Maybe my mother goes out of the room to catch her breath, or maybe I'm sensing that the dress brings with it too many memories of the man who's not here and the day so long ago. I fold up the dress, fearful of its delicacy, of the air that will eat the lace, of the stories that fall like loose buttons I can't scramble after fast enough or put together in just the same way.

"You put it away?" my mother asks.

"Yes," I say, not sure what I'd do with the dress if I hadn't.

"Can I see it? I didn't see it!

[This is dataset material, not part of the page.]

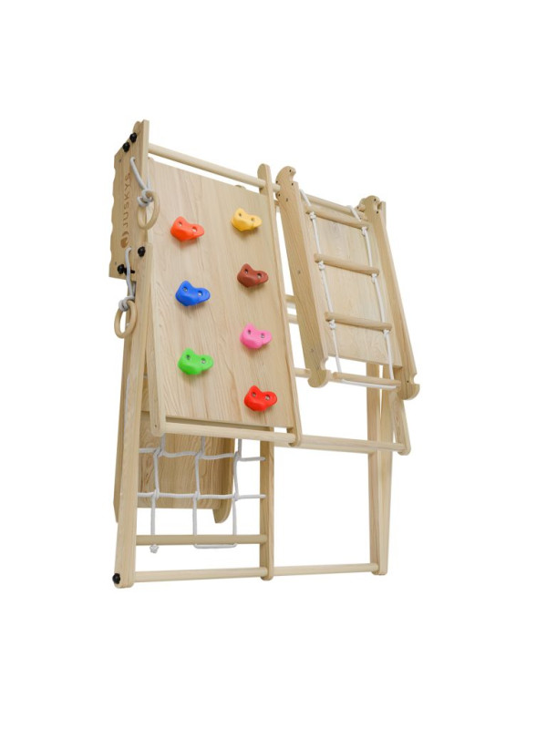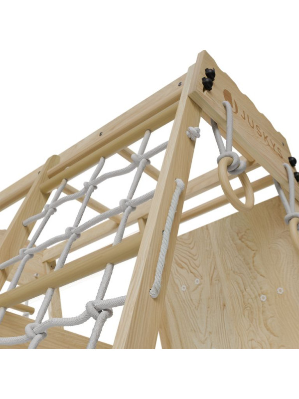 Celá konštrukcia je z kvalitného borovicového dreva a odolá každodennému šanteniu až troch detí naraz. Praktický skladací systém umožní preliezačku rýchlo zložiť a uvoľniť miesto, keď práve nie je v prevádzke. Vďaka kombinácii prírodného vzhľadu a farebných detailov sa navyše stane ozdobou každej detskej izby.

Me too, me too!" My daughters are in the room, tall, slender, just becoming young women, their bangs half-grown out.

Corrie, my secondborn, asks, "Can I try it on?"

"Yes," my sister and mother say.

The box is reopened, the blue papers again tossed, and the whole winged dress I thought so fragile is pulled eagerly forth. Corrie takes the flounces, and I follow her. "To do the buttons," I say. We all know the story of the buttons.

My daughter is careful not to show herself to me, and I busy myself with the lace and do up only a couple buttons. With her lanky arms and legs, my daughter comes out, a Cinderella in the hall of my mother's new house, her collarbone magnificently naked, and her skin like tissue with form - that smooth, that unblemished.

"That's how small I was," my mother says. Corrie tilts the skirt, shyly, proudly, while we stare, my sister exclaiming over and over that Corrie's a princess, a queen.

"Can I try it on, too?" asks Sara, my first-born.

Over the smooth skin goes my mother's dress. "It itches," Sara says. I fasten a couple buttons, and she comes out as if on wheels. We ooh and ahh at everything we had forgotten the first time we opened the dress, when I only saw what was.

Wedding dresses are about hope and dreams. For that first moment, I couldn't see how the dress was brimming with life. All I could remember was that the wedding day was gone, my father gone, even my grandfather, and our old home. The dress seemed to be a nostalgic glimpse into a past that seemed too small and sad, as if its happiness was over.

Then my daughters tiptoe daintily in the dress of my mother, and I see the other part of wedding days, wedding dresses. I see so clearly that it is us - the women of the family, now standing in a circle - who are the unending result of the promise my mother stepped so confidently toward.

The dress led to this moment of me, my sister, my mother, my daughters, the stories we hold, and all, all the beautiful stories waiting to come forth in their lightness and resilience, as resplendent as the wedding dress let out from a box.